Impact of the Zonal Flows on the Relative Short-Scale ULF Electromagnetic Waves in the Shear Flow Driven Ionosphere

Abstract

Influence of the large-scale zonal flows and magnetic fields on the relative short-scale ULF electromagnetic waves in the dissipative ionosphere in the presence of a smooth inhomogeneous zonal wind (shear flow) is studied. A broad spectrum of Alfvenic-like electromagnetic fluctuations appears from electromagnetic drift turbulence and evidence of the existence of magnetic fluctuations in the shear flow region is shown in the experiments. In present work one possible theoretical explanation of the generation of electromagnetic fluctuations in DW-ZF systems is given. For shear flows, the operators of the linear problem are non-selfconjugate and therefore the eigenfunctions of the problem are non-normal.

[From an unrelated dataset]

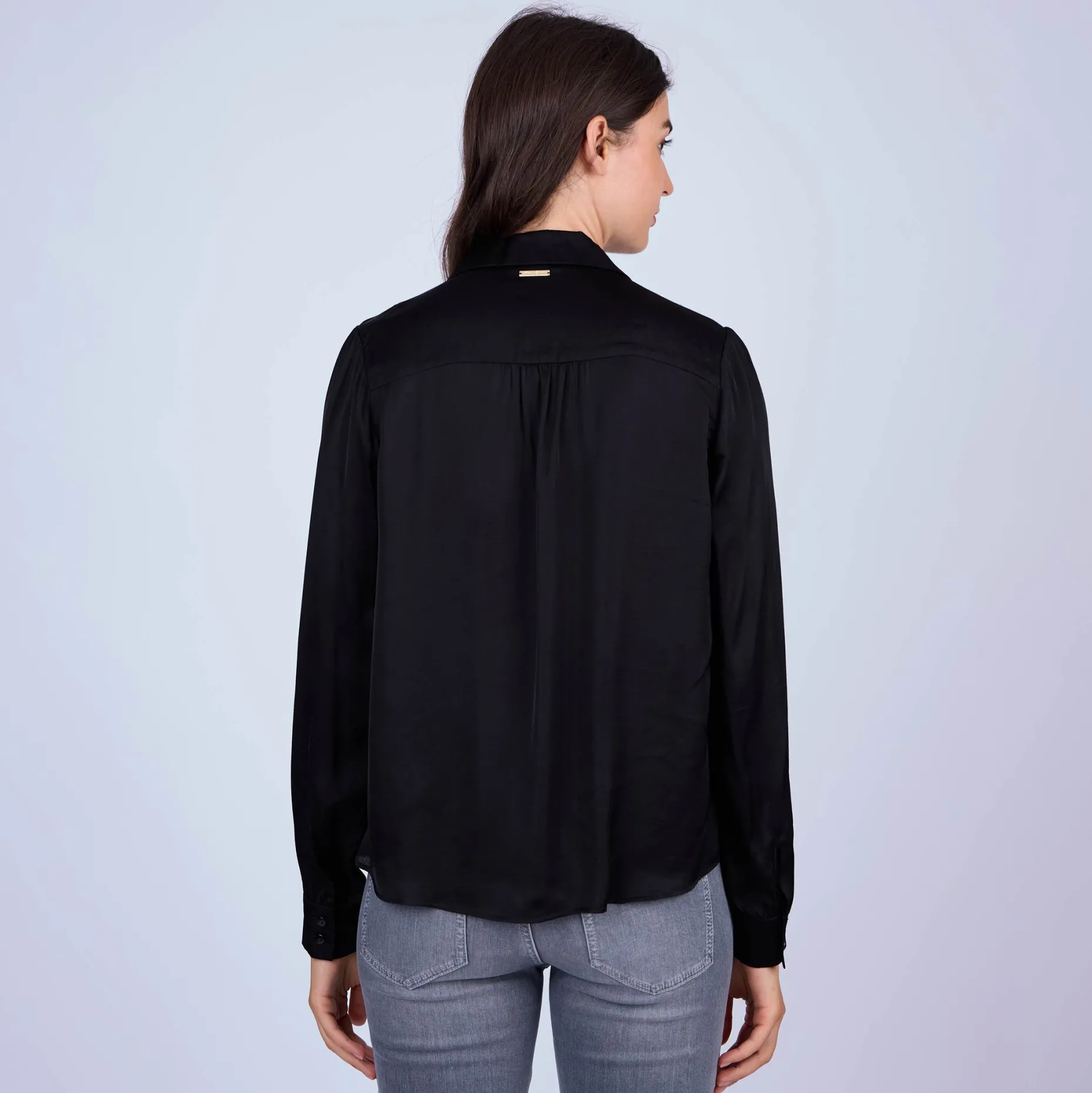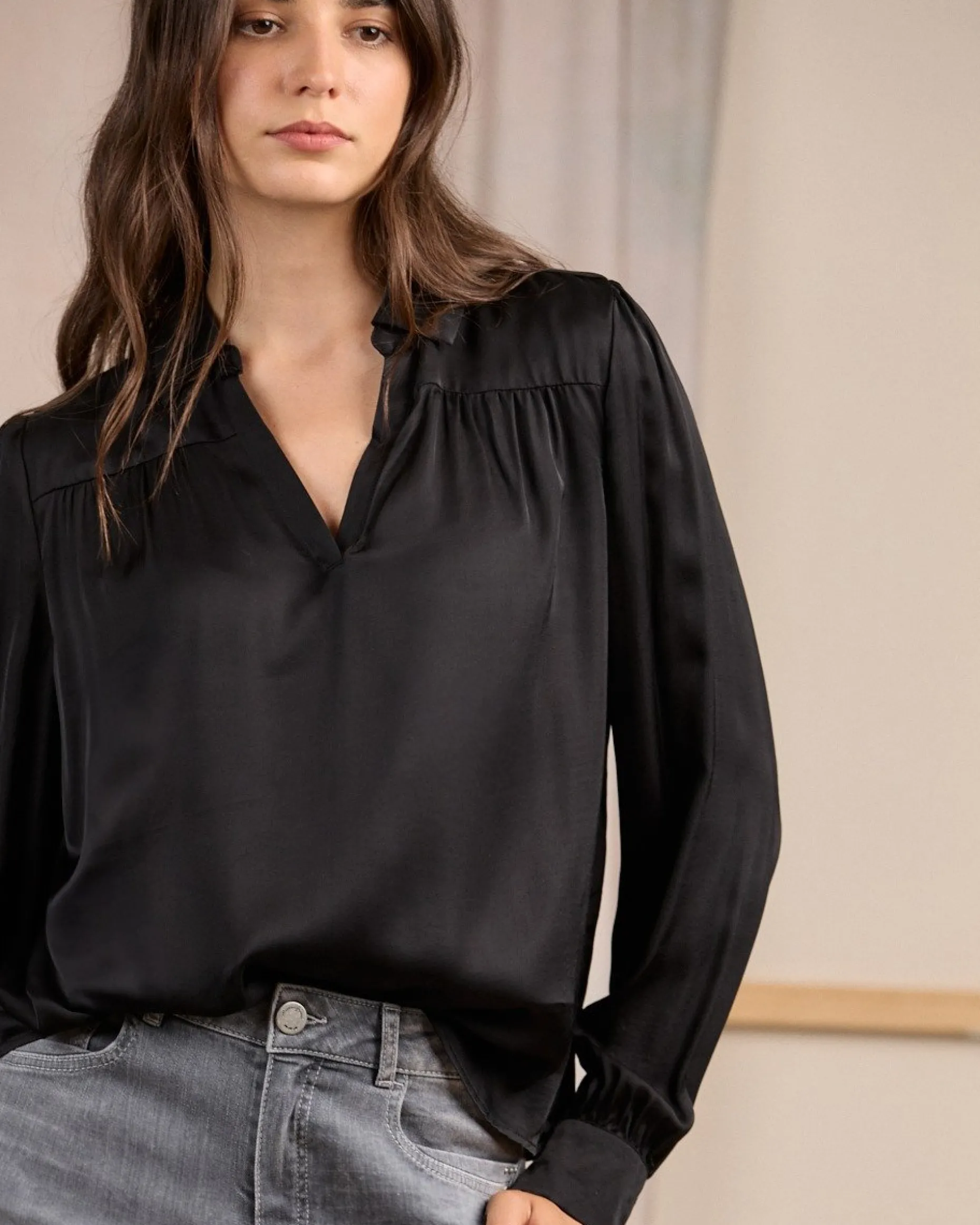 On craque pour cette blouse noire à manches longues ! Sobre et chic à la fois, elle se démarque par son col V et ses détails de plis. Elle est confectionnée en viscose, ce qui lui procure une grande douceur et un très bel effet lumineux. Pour une allure soignée, portez-la avec un jean de votre collection ! Une petite plaquette dorée Mise au Green est cousue à l’arrière.

The non-normality results in linear transient growth with bursts of the perturbations and the mode coupling, which causes the generation of electromagnetic waves from the drift wave–shear flow system. We show that the transient growth substantially exceeds the growth of the classical dissipative trapped-particle instability of the system. Excitation of electromagnetic fluctuations in DW-ZF systems leads to the Attenuation-suppression of the short-scale turbulence.